George urges Cole to aggressively build a detailing side business, suggesting flyers, neighborhood Facebook groups, business cards in cars he details, and recurring monthly clients[39:21]
They discuss realistic pricing (e.g., $200 per car, several cars per weekend) and potential to expand into higher-ticket services like clay bar and ceramic coatings
They point out many full-time mobile detailers earn six figures and suggest Cole could grow his side work enough to leave his current job[40:51]

Future move and relationship considerations

Cole and his girlfriend plan to move to San Antonio within a year because she aims to get a full-time job there and he sees more opportunity[40:51]
George cautions him that "you go with you"-moving cities won't fix his money habits; he must change now so he arrives in San Antonio a different person financially[4:50]

Andy considering renting out his main house and moving into a shop house

Andy's financial picture and property setup

Andy recently bought property with a main house and a shop house, putting $30,000 down on a $250,000 purchase, leaving about $220,000 on the mortgage[45:10]
His only debt is the mortgage, with a payment around $1,500 per month, and he earns about $130,000 per year as a truck driver, home only two days a week[45:43]
He has saved roughly $35,000 in an emergency fund[1:25:05]

Proposal to move into shop house and rent main house

Andy wants to move into the shop house (which he describes as a livable studio-style apartment) and rent out the main house to speed up debt payoff[44:51]
Comparable rentals suggest he could cover his costs and potentially live "for free" by renting the main house[46:35]
His girlfriend currently lives with him in the main house for free and does not want to move into the shop house, saying it does not meet her standards[46:55]

Hosts' view on trade-offs and landlord responsibilities

Rachel notes relational risk: if they were married, she would object strongly to forcing a move; as a girlfriend, she has less stake but will still react to being asked to downgrade[47:51]
George asks what the actual financial problem is, since Andy can already afford the mortgage and has a strong income and savings[48:21]
They point out that becoming a landlord brings hassles-maintenance calls, tenant issues, and legal responsibilities-that Andy may be underestimating[49:41]
They emphasize he could instead set an aggressive extra-payment goal on his mortgage while staying in the main house and avoid the complexity of renting it[49:34]
George suggests that once Andy is married and his wife is working, her income can further accelerate mortgage payoff without resorting to house-hacking[51:31]

Jack's plan to handle debt before marriage and his fiancee's law school loans

Current and future debts

Jack has a $32,000 car loan; his fiancee will graduate from law school in May 2026 with an estimated $60,000 in student loans[54:45]
They have not sat down to review exact debt figures since getting engaged[55:02]
Jack earns about $110,000 per year and currently lives rent-free with his grandparents[54:20]
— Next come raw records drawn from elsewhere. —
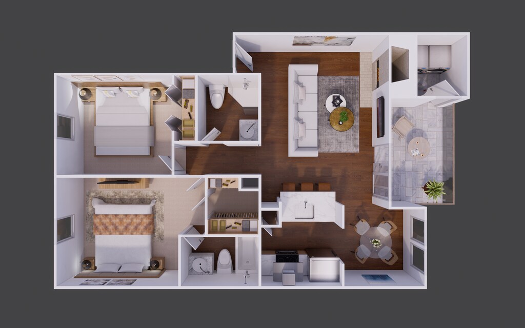 Modelo de apartamento: B1Desde $1,2452 Dormitorios, 2 Baños, 836 sq ftNo Disponible![]()
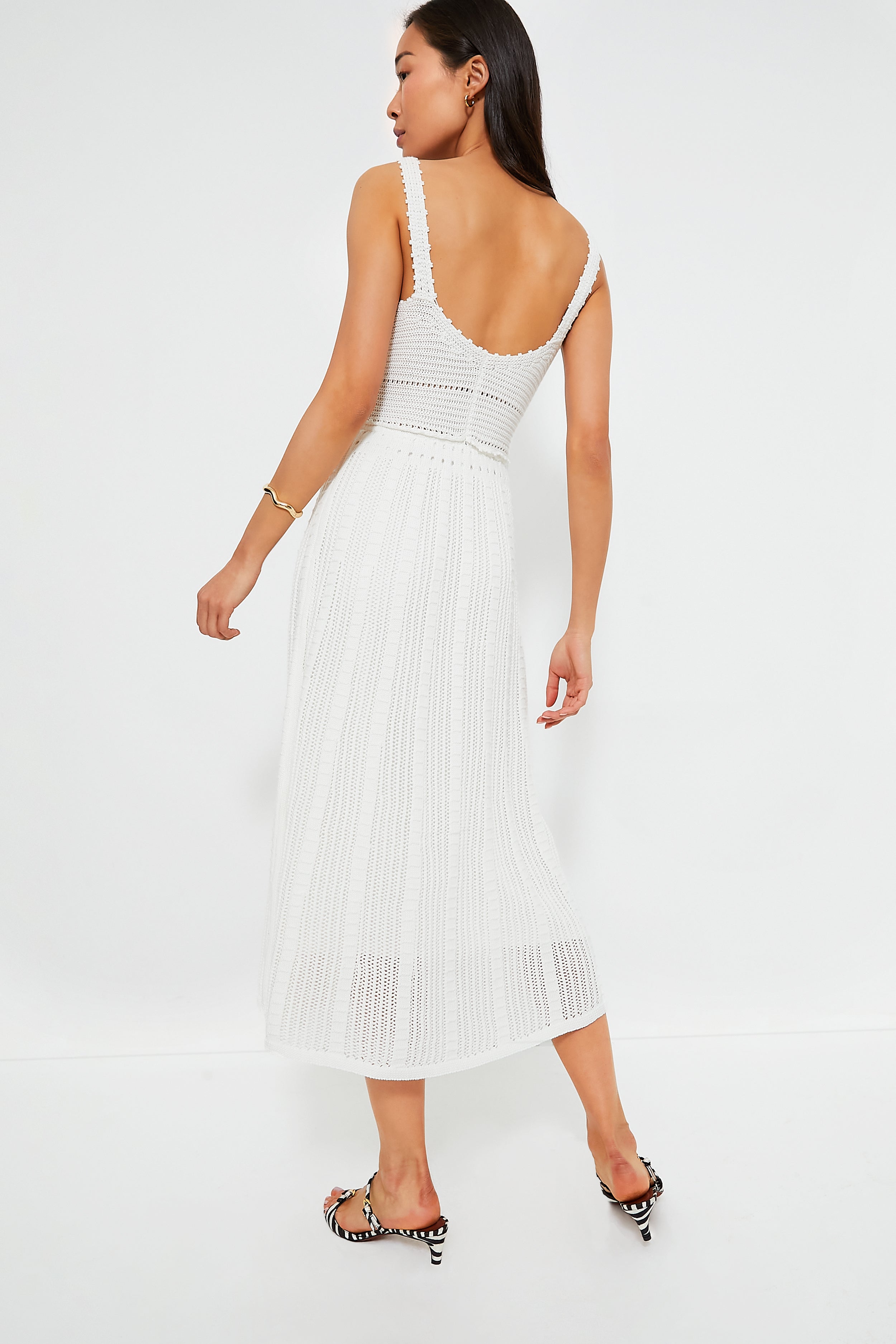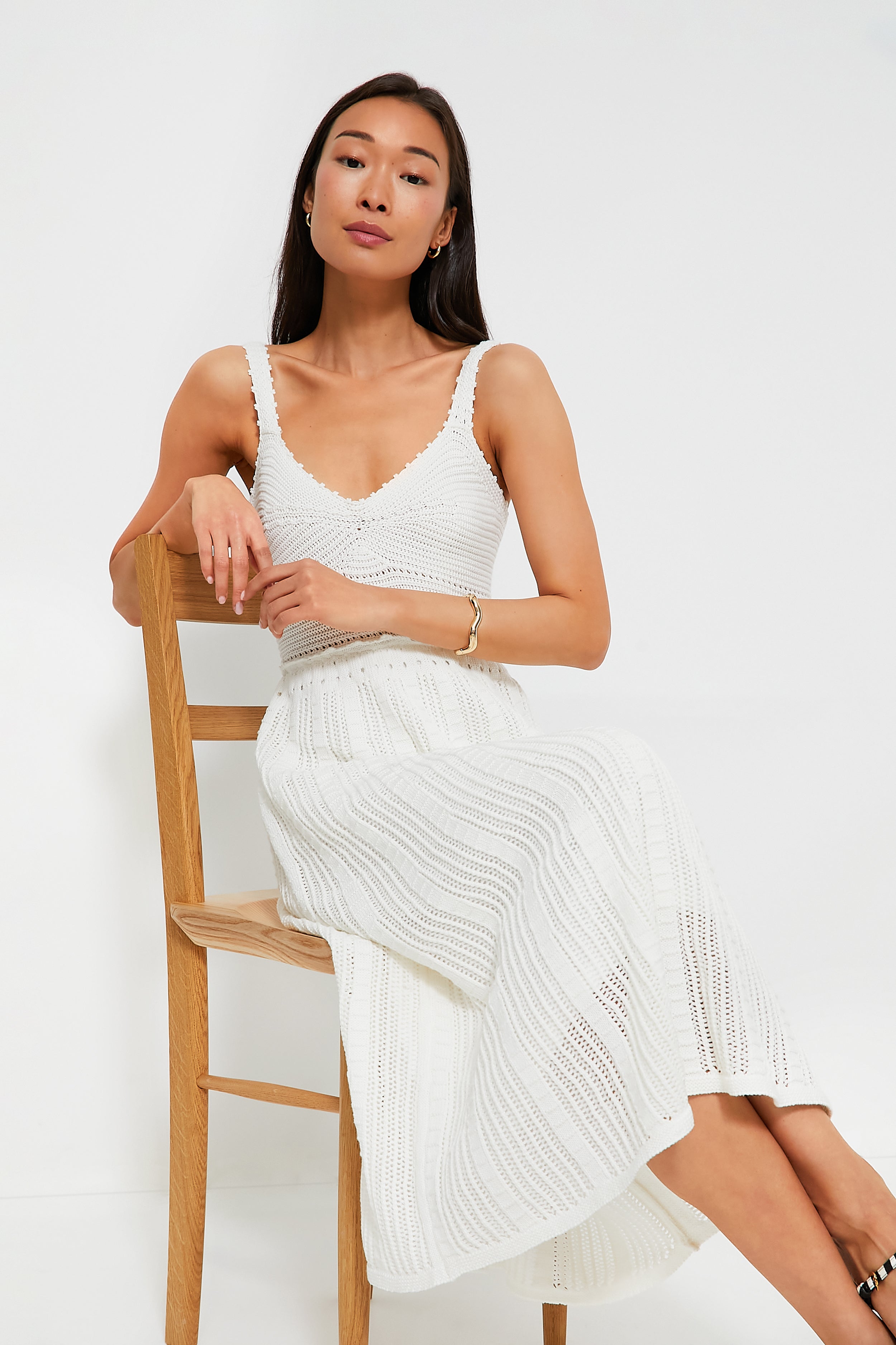 An adorable style for the warm-weather months. we are loving the Ivory Knit Midi Dress for its homegrown feel and flattering silhouette. This dress features a V-neckline. thin shoulder straps. and a fitted bodice that flows into an A-line skirt. Comfortable and easy. we are pairing this with sandals and gold jewelry for a look that can take you from the farmers market to the breweries with ease.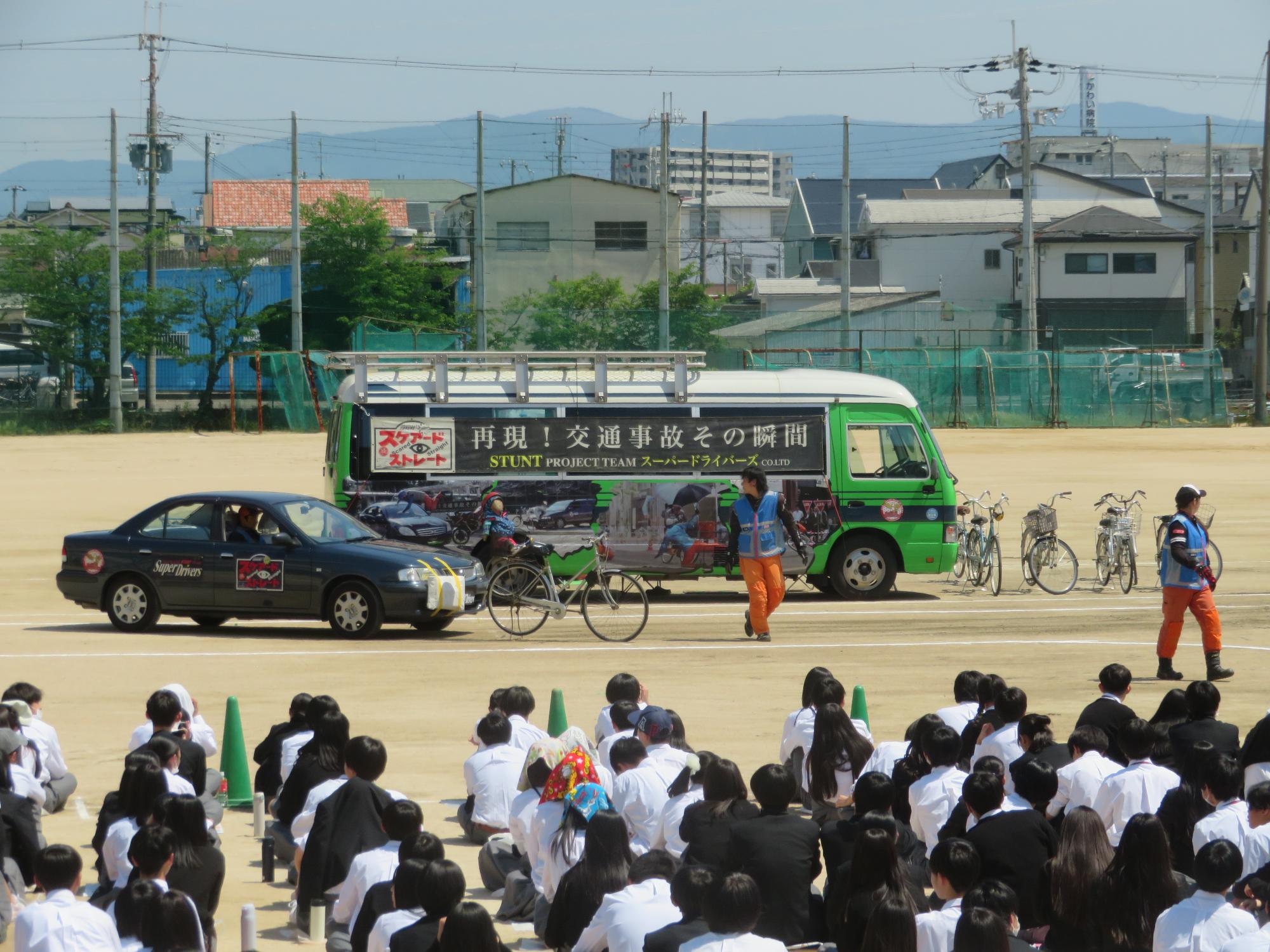 令和5年4月から努力義務となった自転車ヘルメットの着用を呼びかけようと、泉大津警察署・泉大津交通安全協会等と連携して令和5年5月12日に府立泉大津高等学校においてプロのスタントマンが事故を再現する交通安全教室を実施しました。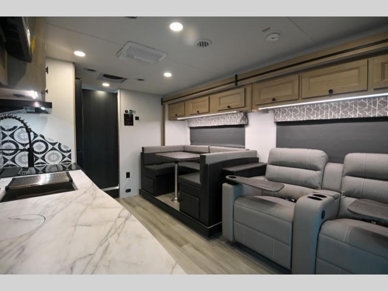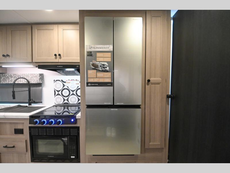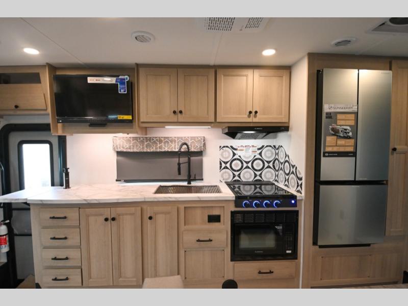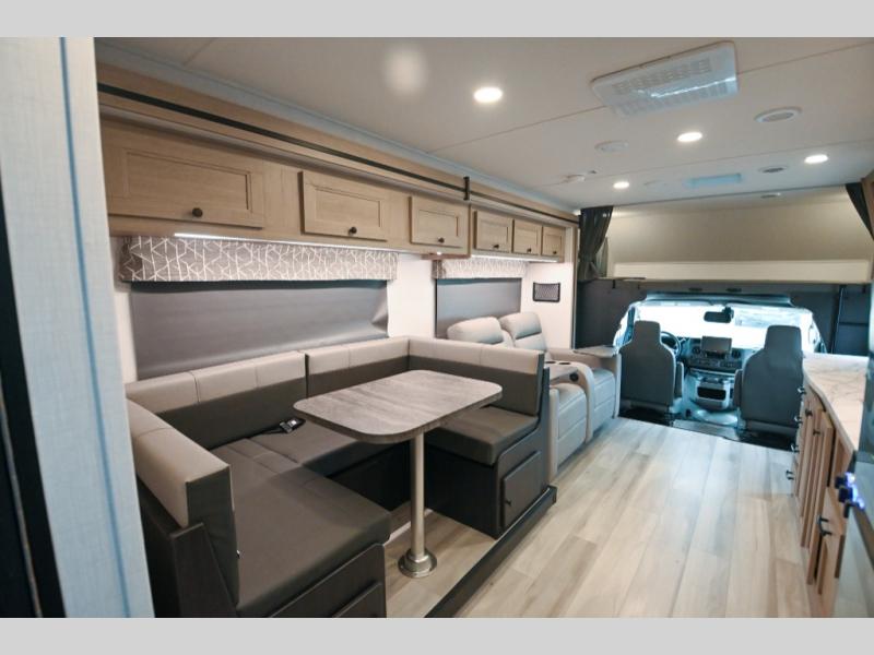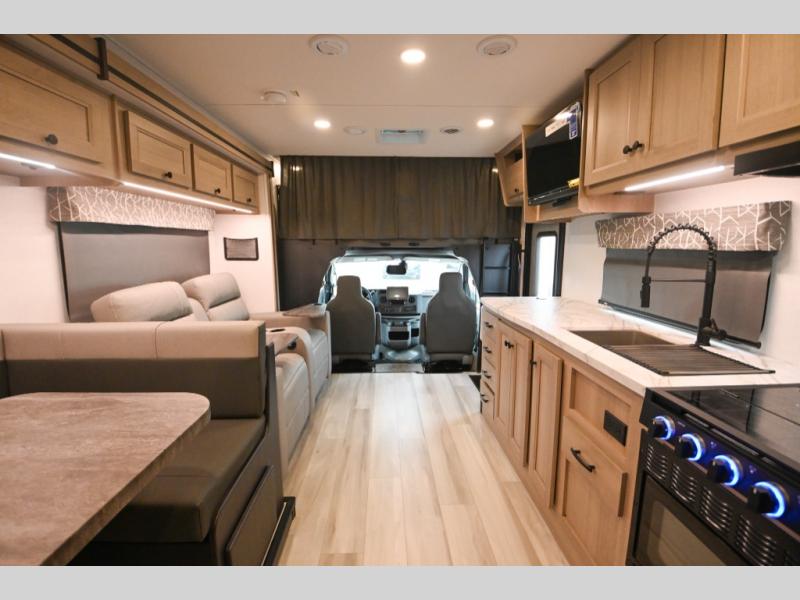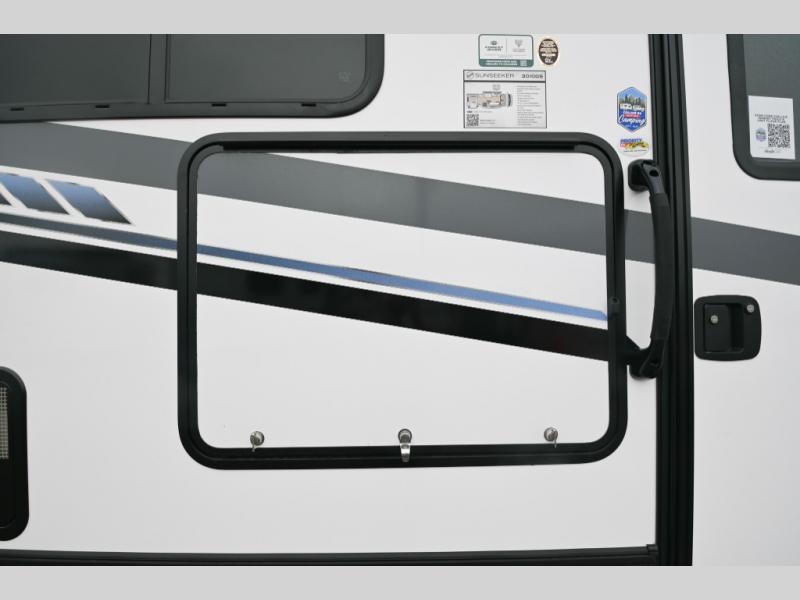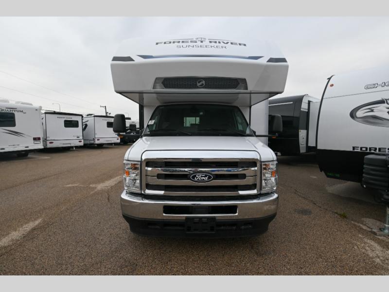 With any Sunseeker Classic Class C gas motorhome by Forest River, you will enjoy more features and quality construction at a great value! Each model comes standard with a fiberglass roof and 2" aluminum framed laminated sidewalls for maximum durability. The Winegard Air 360+ digital antenna is your all-in-one solution for your internet, TV, and FM signal needs, and you have Gateway 4G Wi-Fi capability too. The exterior has an outside shower, heated/enclosed tanks, Rotocast storage compartments, and a power awning with an LED light strip to name a few conveniences. Each drive will be made easy thanks to a 10" touchscreen CarPlay/Android radio with USB and Bluetooth, backup camera/side view cameras with a 3-way monitor, and Ultraleather seating for added comfort. You'll also love the black out roller shades, soft touch self-closing drawer guides, oxygen-infused shower head with a flexible extension, and many more interior comforts!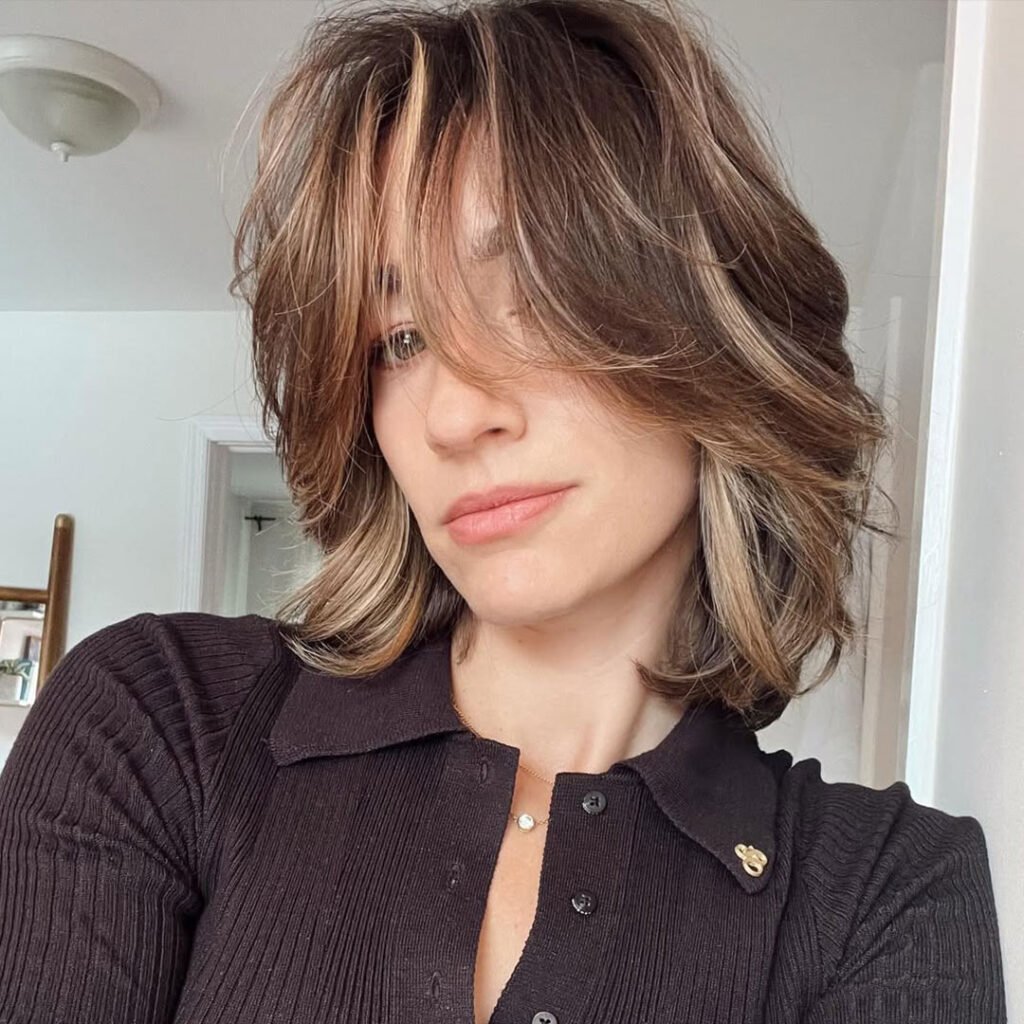 If you want a fresh look that’s full of life and personality, this shag with highlights and bangs is a great pick.

Wedding, honeymoon, and savings

They are getting married March 21 and are in premarital counseling covering finances[55:07]
Her parents are paying for the wedding; Jack is paying for the honeymoon from savings[57:30]
Jack has about $37,000 in retirement (mostly Roth) and around $12,000 in various cash savings, estimating about $5,000 will remain after honeymoon costs[57:20]

Recommended plan before and after marriage

Rachel urges Jack to avoid new debt for the wedding or honeymoon and suggests he try to pay off the car before the wedding as a fun challenge[56:24]
They advise keeping finances separate until marriage, then combining incomes, accounts, and debts and using the debt snowball as a couple[59:20]
George notes Jack's strong take-home pay (about $6,700-$6,800 per month) and rent-free living provide a rare window to attack the car loan rapidly[58:01]
They warn about lifestyle inflation when living rent-free and encourage him to live as if he were paying rent by funneling that amount into debt payoff[58:25]
Rachel and George recommend throwing his leftover ~$5,000 in savings at the car and paying $5,000 per month toward it so it's gone by the wedding or soon after[1:00:11]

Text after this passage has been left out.